While the musculoskeletal symptoms were abating, she began to have pain that she had trouble placing. It wasn’t familiar to her and caused her to avoid being aroused all together. Even kissing her fiancé gave her pain, something that hadn’t bothered her pelvic floor muscles in the past. When she went back to her father’s clinic, her provider told her she had a keratin pearl (trapped squamous epithelial cells) adhered to her clitoris that was causing pain. She had it removed in the office and her pain went away by the next day. She was relieved, but was also upset, knowing so many people didn’t have the resources to get treatment for something like this. At this point, she was a medical student. Not once had she been taught to retract the clitoral hood on a patient, and not once had a provider done it to her.

How would someone know what to look for if they weren’t trained to look for it?

This past spring (2023), she learned of another likely diagnosis: Endometriosis. Her painful periods had ceased for a few years when her IUD made her periods go away. But the periods came back, and with them, so did the pain. As someone living with chronic pain, she got to the point where she didn’t want to be in her body anymore. Not in the sense that she didn’t want to be alive, but it was getting so hard to be in that amount of pain every day and increasingly frustrating to miss out on activities that she had enjoyed in the past.  

It is so normalized in our society for women to experience pain during sex or to have some degree of lack of pleasure. This makes it difficult to get a diagnosis and be taken seriously as a patient, as a wife, and as a friend. When women don’t want to have sex, it just reinforces the stereotype that women don’t like sex as much as men do. 

Even now, in a supportive marriage, she still finds herself feeling guilt when she doesn’t want to have sex. It comes from her trauma, from society’s pressure to “keep men happy,” and from the belief that sex is an important part of a healthy relationship. She makes a poignant decision not to have sex when she is in pain. It is challenging for her husband, although he supports her, not to get his ego bruised. During pain flares, she must find other ways to reassure him that she still finds him attractive. 
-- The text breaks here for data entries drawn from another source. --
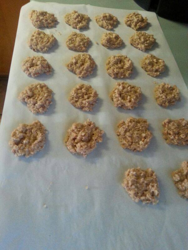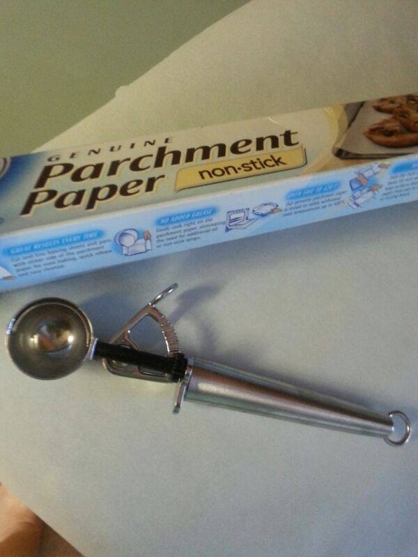 Drop by teaspoonfuls or use a Melon Baller onto Parchment Paper. We like to use the Melon Baller or cookie scoop to speed up the process and create more uniform cookies.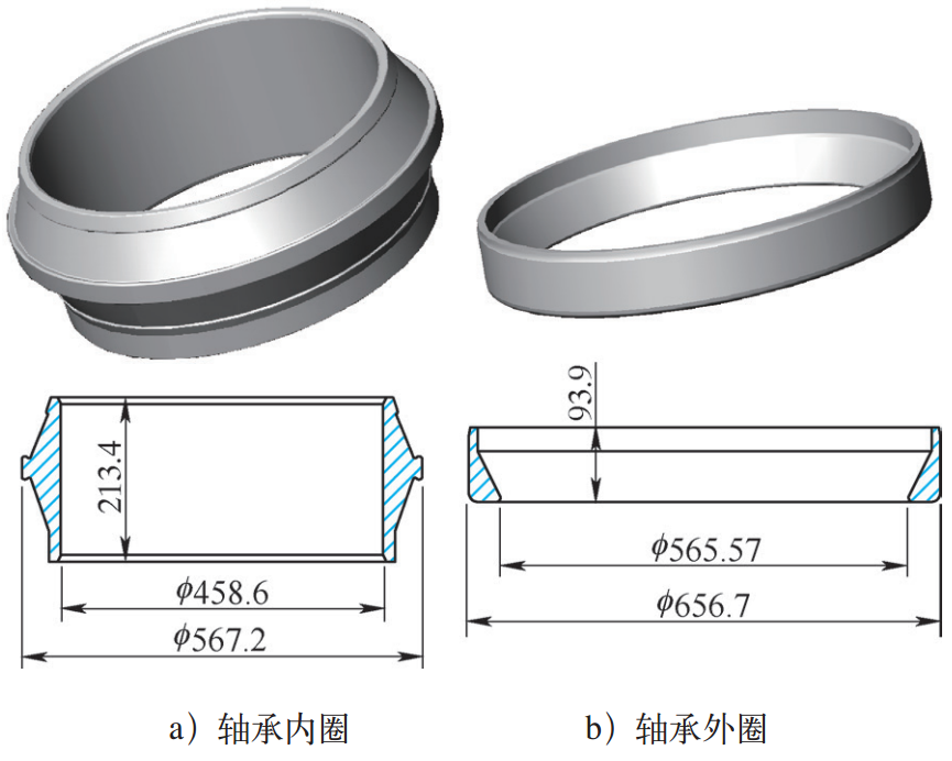 大型軸承圈是一種結(jié)構(gòu)相對復(fù)雜、截面尺寸變化相對劇烈、具有薄壁刃口的大直徑薄壁零件,在進(jìn)行熱處理時,必須最大限度地利用爐容,同時必須減小熱處理變形,以保證產(chǎn)品合格率,這類軸承圈形狀尺寸多種多樣,這里僅選取兩種典型樣例。圖1a為某軸承內(nèi)圈,最大壁厚54.3mm,薄壁刃口只有16.4mm。圖1b為某軸承外圈,最大壁厚45.56mm,薄壁刃口只有10.95mm。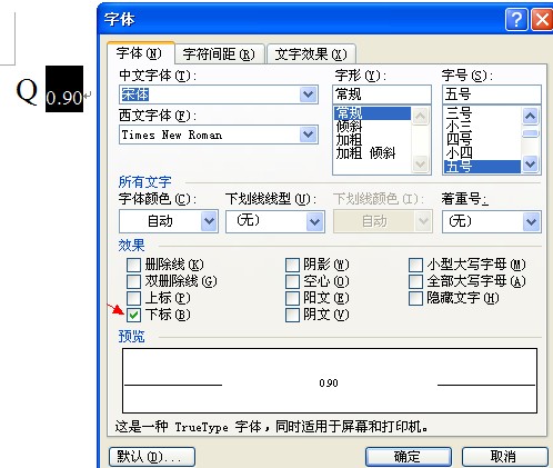 word里怎样输入下标,比如Q下标为0.90该怎么输入?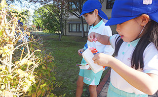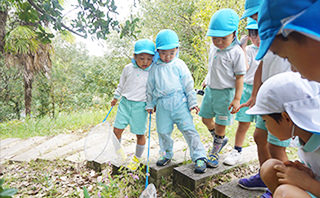 自然を楽しみ、自然と遊び、自然から学ぶ喜びが体験できる遊びや、身近な動植物とのかかわりを通して、子ども達の自然環境への興味関心を高めると共に、豊かな学び、豊かな感性を育んでいます。
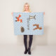 Söt blå baby-filt med en vit fyrfolie mönster och en vacker grafik av en fawn, räv, hedgehog och nypa. Anpassa den bruna texten. Lustigt baby-presentidé.

Something that has helped her live with her condition is activism. She joined an organization called “Tight Lipped” that works to add more education about pelvic floor dysfunction and pelvic pain disorders and their treatment into residency programs. She wants to be an OBGYN, but is also currently getting a PhD in developmental biology, and interested in using her MD/PhD degrees to further the field of reproductive endocrinology and infertility. Through her work now, she has been able to take the burden off herself to become a pelvic pain care provider. She uses her knowledge and experience as a patient to educate and inspire other providers to go into this field. She knows the need for vulvovaginal pain care is high and hopes that one day others will also recognize that such a disability needs to be talked about and treated.